As of the last few days while I have been on the old machine I have noticed some dramatic improvement in speed though I'm not sure I will chock that up to malware infecting the site per se, being on mac OSX I rarely worry about such things... but it seems to be working better for me and this 500 mHz machine.

Keep up the good work,
-TEL

Flee it's Swine Flu all over again!
Viruses Viruses and not a Tamaflu to drink.
Have we found the cure to Swine Flu? I THINK SO!


(Honestly I have never had any problems with malware on ATS.)

Oh, I have been meaning to make a post to one of the 3 amigos about the malware attack I received while viewing the ATS main page.

My "AGV Free Antivirus" stopped an attack on my IExplorer.exe process when I clicked on the "Home" button on the ATS navigation bar.

Since it was on the homepage, and I trust ATS, my conclusion was that it was an advertisement that cause the problem.

Either a deliberate attack, or a false positive. I didn't have enough time to see what ad's were visible because the second I got the message I shut down the iexplorer process.
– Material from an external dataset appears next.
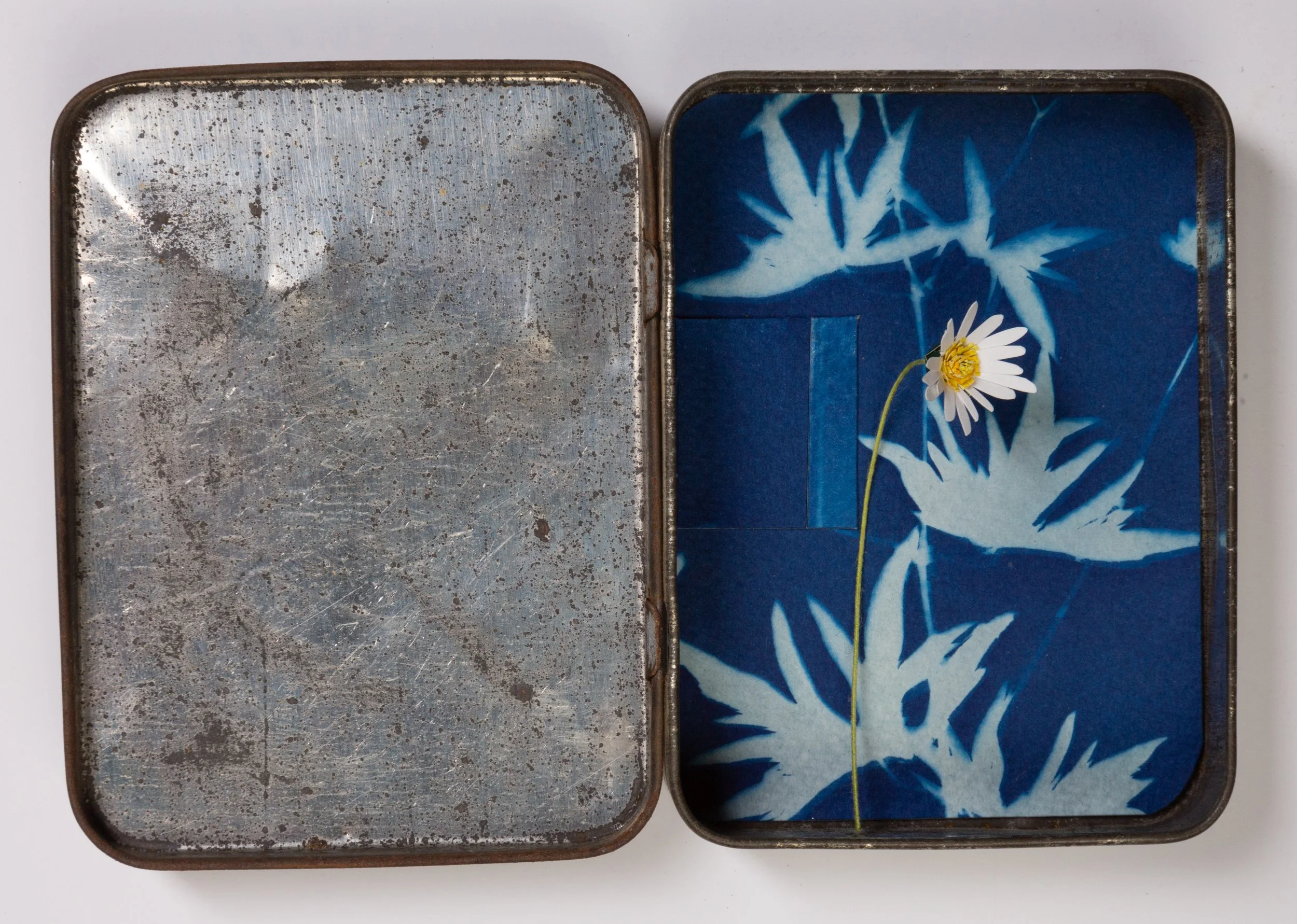 Materials: paper, wire, cyanotype collage and hinged tobacco tin.

But, I believe, from experience, the advertisements that are like "games" where you have to click a moving object or something, are known to cause false positives, or even known to actually be real malware.

I guess the code that is needed to track the mouse movements is almost the same code needed to log keystrokes like a key-logger, which sometimes causes false positives on anti-virus software.

I had some issues of this nature back in the December-January time frame, but rather than filing a complaint. I just installed a script blocker on my end, that seemed to have resolved the problem. I reckon this means I can turn it off and do a test run now...

nenothtu out

Originally posted by 0nce 0nce
My "AGV Free Antivirus" stopped an attack on my IExplorer.exe process when I clicked on the "Home" button on the ATS navigation bar.

Actually, the free version of AVG does give out lots of false positives, as well as categorizing many cookies as spyware.

If that happens again, see if you can U2U me any details.